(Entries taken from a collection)
###

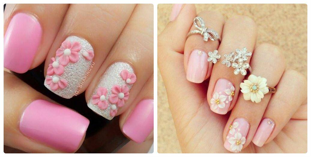 Цветочные рисунки наносятся специальными тонкими кистями и гелевой краской, можно использовать стемпинг или выбрать наклейки. Для любителей более сложных техник подойдут объемные цветы в технике лепки или вязаный маникюр с цветочным узором. Утонченно и женственно смотрится мелкий цветочный и цветочный принт; с ролью эффектного акцента прекрасно справится крупный узор из одиночного цветка.
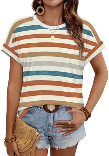 Material: 95%Polyester,5%Spandex. The fabric is soft and comfortable, it's perfect for wearing all day long. Feature: The basic shirts, classic crewneck, cap sleeve, add a unique design to the summer tops, making the basic t-shirts more fashionable. Match: The women short sleeve shirts is perfect tuck in or out,the version is loose enough so it is also can be knotted on the front or side to make you more spicy. Occasion: Chic casual shirts are suitable most occasions, especially daily wear/ work/ business/ casual / outdoor/ exercise/ yoga/ trip vacation wear/ event. Tips: Please check the size chart carefully before buying.
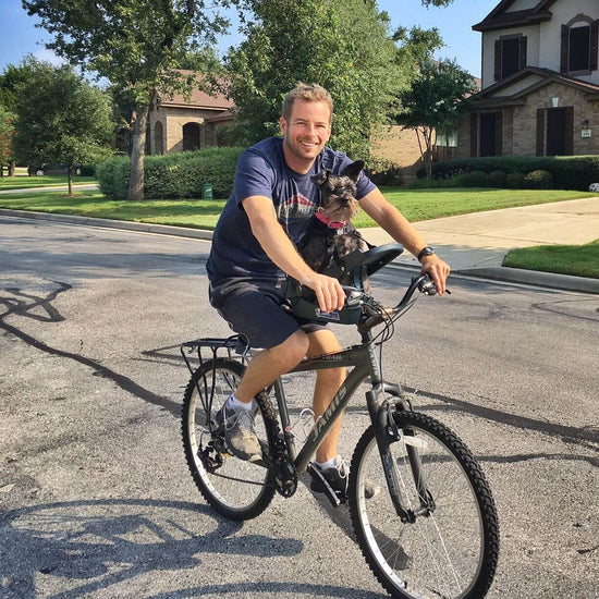 3) To get your buddy ready for their first ride, we recommend getting them comfortable in the seat while it is on the ground. Have a few treats ready to help encourage them if they’re hesitant. Once you and your dog are ready, attach the Buddyrider to your bike. Put your dog in and walk your bike to get them used to the idea, praising them along the way.
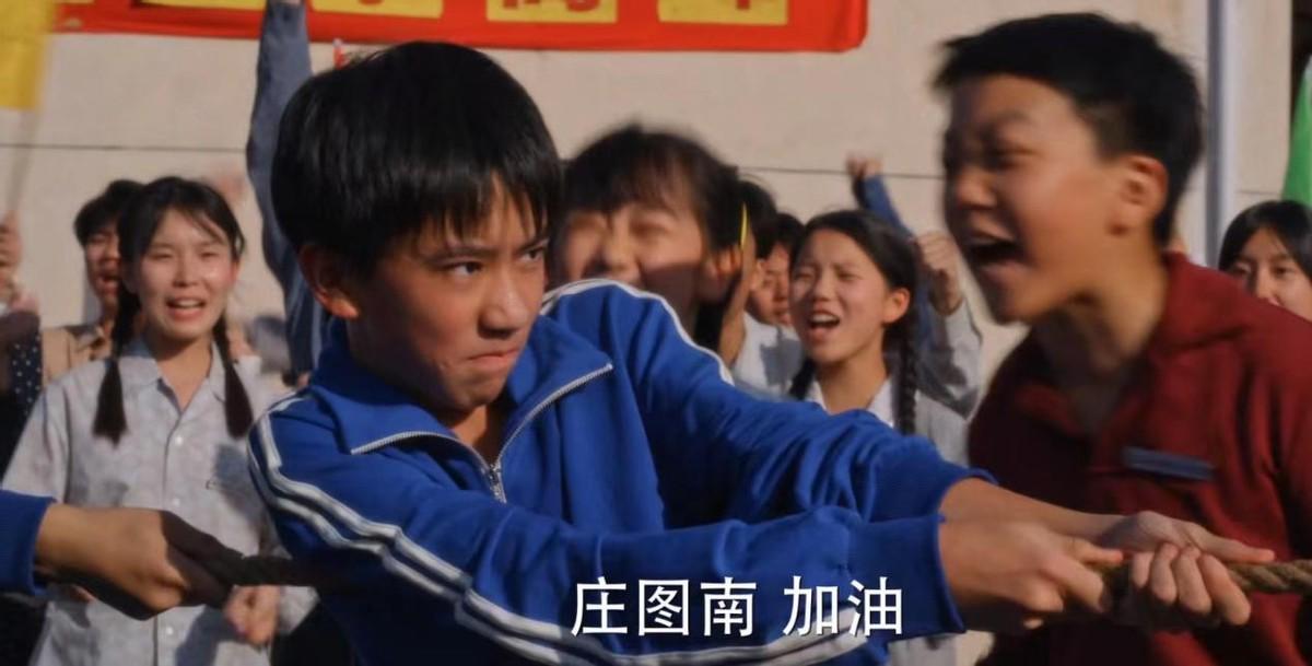 青年庄图南亮相时的镜头,是一场拔河比赛,小演员拔河时眼神坚定,脸都憋红了,一看就是有必胜的决心。
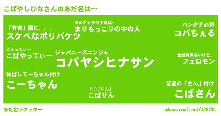↓あだ名「こばやしひな」にコメントする!
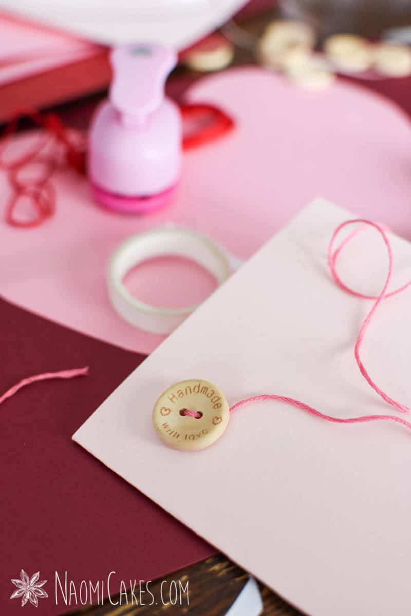 3. 2 “Handmade with love” buttons tied onto the front with red embroidery thread (tied in a knot on the inside of the card)
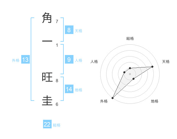 角一 旺圭さんの外格は13画の5点!
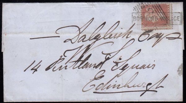 SG17/ SG42 1856 1d. cover to Edinburgh from Islay, double cancel of Scots Local BOWMORE VILLIGE.
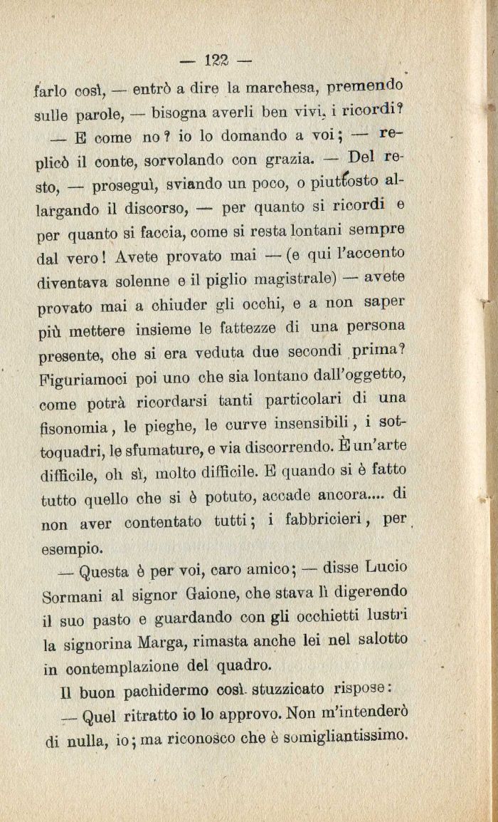 — Questa è per voi| caro amico; — disse Lucio Sormani al signor Gaione| ohe stava lì digerendo il suo pasto e guardando con gli occhietti lustri la signorina Marga| rimasta anche lei nel salotto in contemplazione del quadro.
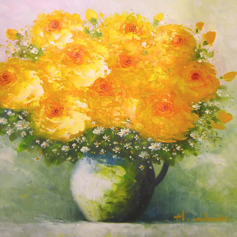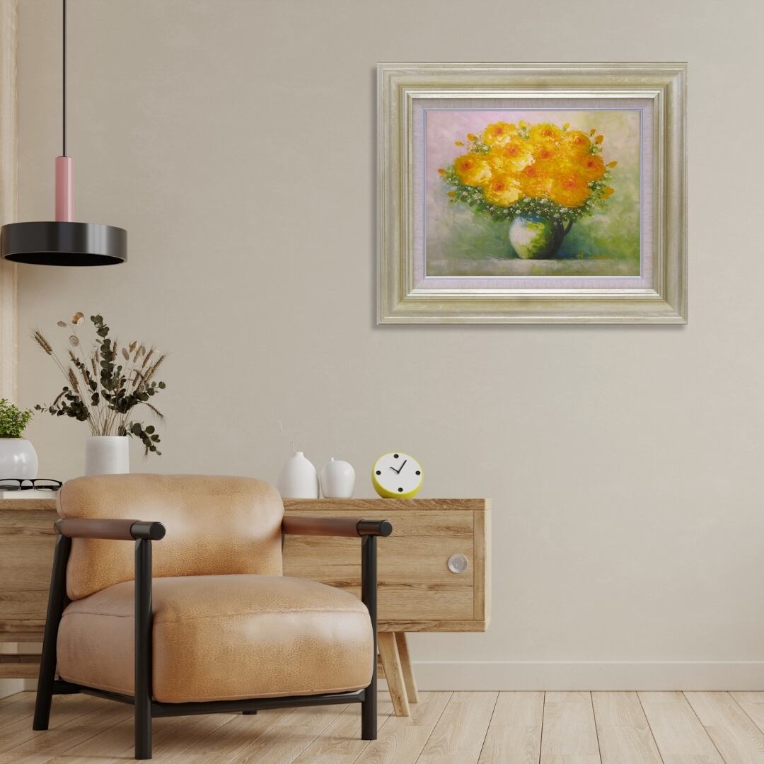 鮮やかな黄色の花々が咲き誇る花瓶を描いたインテリアアートです。温かみのある色彩と柔らかな光の表現が、見る人の心を明るく包み込みます。油絵ならではの厚みのある絵具の重なりが花びら一枚一枚の立体感を際立たせ、まるで香りまで伝わってくるような生命力を感じさせます。背景の淡いグリーンやクリーム色が、花の輝きを引き立てながら優しい空気感を演出。幸福感と安らぎをもたらすイラストとして、飾るだけで空間に華やぎを添えるアート作品です。

###

▸ REQUIRED ACTION: Copy exactly, and copy nothing else: the lines from the one containing "of the card)" through the end of the data, both ends included, with pictures left out.

▸ WRITTEN SOLUTION:
 3. 2 “Handmade with love” buttons tied onto the front with red embroidery thread (tied in a knot on the inside of the card)
 角一 旺圭さんの外格は13画の5点!
 SG17/ SG42 1856 1d. cover to Edinburgh from Islay, double cancel of Scots Local BOWMORE VILLIGE.
 — Questa è per voi| caro amico; — disse Lucio Sormani al signor Gaione| ohe stava lì digerendo il suo pasto e guardando con gli occhietti lustri la signorina Marga| rimasta anche lei nel salotto in contemplazione del quadro.
 鮮やかな黄色の花々が咲き誇る花瓶を描いたインテリアアートです。温かみのある色彩と柔らかな光の表現が、見る人の心を明るく包み込みます。油絵ならではの厚みのある絵具の重なりが花びら一枚一枚の立体感を際立たせ、まるで香りまで伝わってくるような生命力を感じさせます。背景の淡いグリーンやクリーム色が、花の輝きを引き立てながら優しい空気感を演出。幸福感と安らぎをもたらすイラストとして、飾るだけで空間に華やぎを添えるアート作品です。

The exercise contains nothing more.